Samsung Electronics has turned the AI hardware boom into a record quarter, but the bigger story is the shortage it says is still ahead. The company’s chip division posted operating profit of 53.7 trillion won in January-March, up 49-fold from a year earlier, and accounted for 94% of Samsung’s 57.2 trillion won in total operating profit. Revenue rose 69% to 133.9 trillion won, both quarterly records, as customers rushed to lock in supply.
The scale of the result shows how central memory and advanced chips have become to AI buildouts. Samsung said it had signed multi-year binding contracts with customers seeking guaranteed supply, a sign that buyers are no longer treating semiconductor availability as a routine procurement issue. The company also beat expectations by a wide margin, surpassing the 35.3 trillion won average analyst estimate for chip profit. Within Samsung’s Device Solutions division, sales jumped 86% from the previous quarter, with memory revenue and operating profit both reaching record highs.

Yet the same surge that lifted Samsung is also distorting the market. Samsung warned that supply remains far short of demand and said the imbalance could worsen in 2027 as AI spending keeps climbing. As data-center operators pour money into Nvidia-style accelerators, manufacturers are shifting more output toward advanced chips, tightening supply for conventional memory parts used across phones, PCs, servers and other electronics. If that pattern persists, cloud providers trying to expand AI capacity are likely to stay at the front of the line, while device makers and automakers could face tighter allocations and higher component costs. Consumers would feel the effect later through pricier gadgets, slower product launches and fewer promotions.
Samsung’s earnings also underline that the AI boom is lifting more than one memory giant. SK hynix reported record first-quarter revenue of 52.5763 trillion won and operating profit of 37.6103 trillion won, another sign that high-value memory products are driving the cycle.
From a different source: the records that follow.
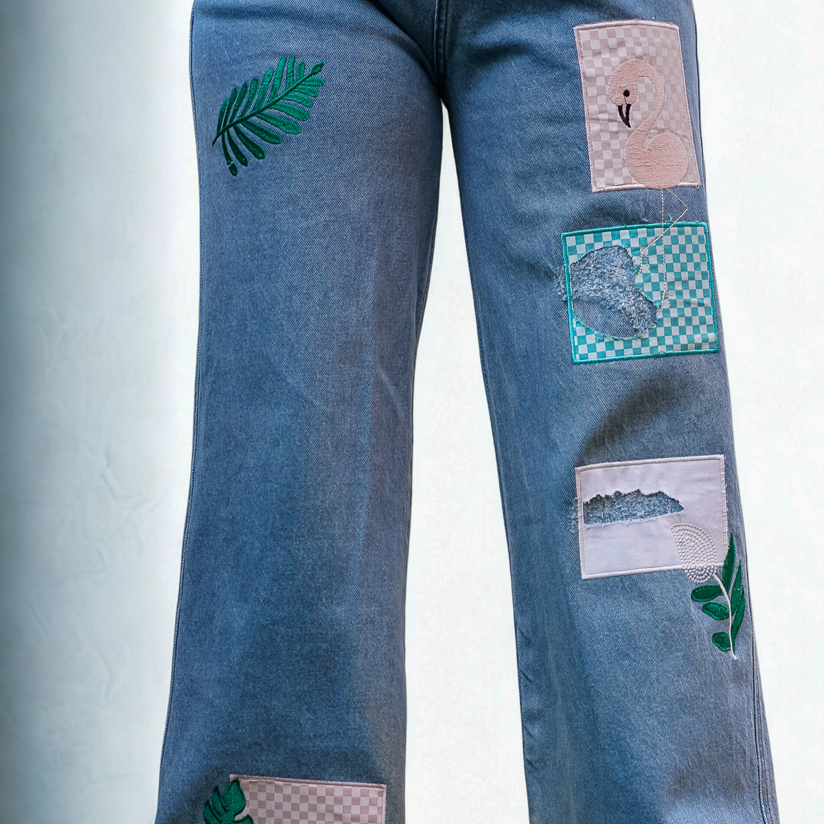 You can pair it with jeans, leggings, or even a casual dress. For a bold matching look, wear it with our embroidered jeans featuring the same “Peace Embrace” design. Add sneakers or boots for a trendy, effortless outfit.
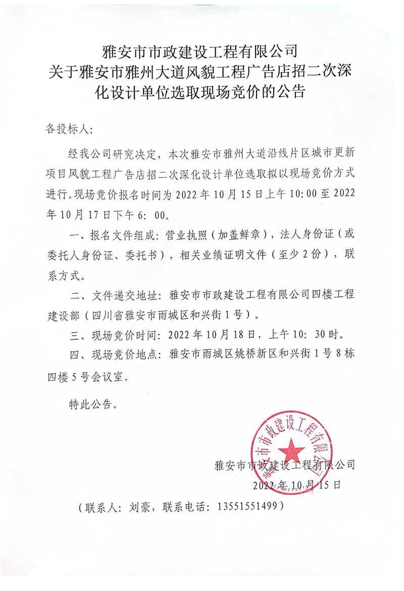 關(guān)于雅安市雅州大道風貌工程廣告店招二次深化設(shè)計單位選取現(xiàn)場競價的公告
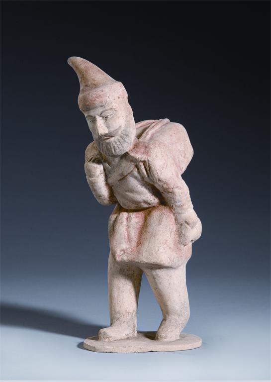 A Chinese unglazed pottery model of a foreigner, carrying a pack on his back and holding a jug in his left hand, Tang dynasty 618-906 AD, 26.5cm. Provenance: Nicholas Pitcher Oriental Art, London. Sold with no reserve
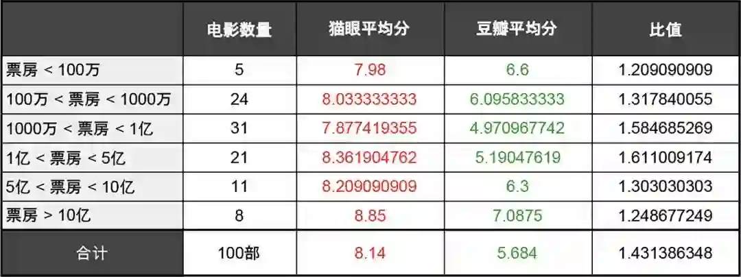 100 部电影,猫眼的平均分是 8.1 分,豆瓣的平均分是 5.7 分,比值约为 1.4。

Samsung said its own mobile and network division saw profit fall 30% to 3 trillion won, showing how higher memory prices can squeeze other parts of the business even as the chip division surges.

For now, Samsung looks like one of the clearest winners in the global scramble for AI infrastructure. But the company’s own warning suggests this is not just a profit story. It is a capacity story, and the market may be discovering that the next chip shortage is already building inside the industry’s strongest earnings boom.